- Born: London, United Kingdom
- Citizenship: UK
- Education: UWE Bristol
- Occupations: Director and Designer
- Notable work: RWD Magazine | The Booo Krooo | GoldenEye 007 | DAZZLE SHIP | Drone Racing League | Hyper Island

= Lex Johnson =

British designer and creative director

Lex Johnson is a British designer, director and creative executive. He is the founder of creative agency DAZZLE SHIP, a former lecturer at Swedish design institute Hyper Island, and the founding online director of RWD magazine and RWD Forum.

== Career ==

=== RWD Online / RWD forum ===
In 2001, Johnson became founding Online Director of RWD magazine created to push UK garage, grime and dubstep, and RWD became the first platform to champion grime music and feature UK artists Dizzee Rascal, Skepta and Tinchy Stryder.

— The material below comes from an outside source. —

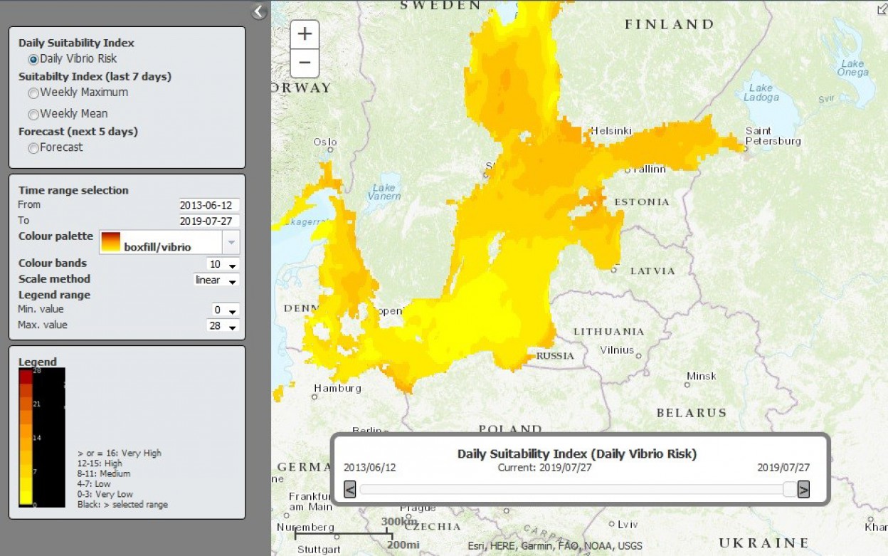 Užkrečiamųjų ligų ir AIDS centras (ULAC), remdamasis Europos ligų prevencijos ir kontrolės centro duomenimis, informuoja, kad Baltijos jūroje, dėl kylančios paviršiaus vandens temperatūros, susidaro tinkamos sąlygos daugintis Vibrio bakterijoms. Manoma, kad vidutinis arba aukštas jų lygis bus registruojamas daugelyje Baltijos jūros pakrančių: Danijoje, Švedijoje, Vokietijoje, Lenkijoje, ypač Gdansko įlankoje, Latvijoje, Estijoje, Suomijoje taip pat ir Lietuvoje, Klaipėdos apskrityje.

The RWD forum is mentioned in grime MC's lyric; the most notable incidents were in its earlier years when Wiley would frequently post and often argue or troll with users. In the book This is Grime by Hattie Collins, Wiley states "the RWD forum was a good place" and Matt Mason added "Grime had always been a conversation and Alex understood this and grew RWD forums, making RWD one of the most popular music websites in the UK"

During this period the website received London Business of the Year, UK Garage Awards : Best Website 2002 and Sidewinder Peoples Choice Awards : Best Magazine 2003. Johnson was also personally awarded an "Ernst & Young Future 100" Award in 2011.

=== The Booo Krooo ===
The Booo Krooo was an adult animated TV series. Lex Johnson was the producer/animator working in collaboration with Matt Mason (writor) and Julian Johnson (Art). Taking hints from underground music culture and the intersection between UK Garage and Grime, the 3 episode web series was shortly co-signed by Missy Elliott after her PR team asked to feature the artist as part of the campaign for her hit single 'Work It'. The series then acquired a 6-episode deal on Channel U (now named Total Country) and recorded a music video with UK Garage producer 'Sticky' known for hits such as Ms Dynamite's track (also named) 'Boo'. Music publication Ransom Note cited the series as the first 'grime comedy' saying it was 'essentially a proto(type) version of People Just Do Nothing"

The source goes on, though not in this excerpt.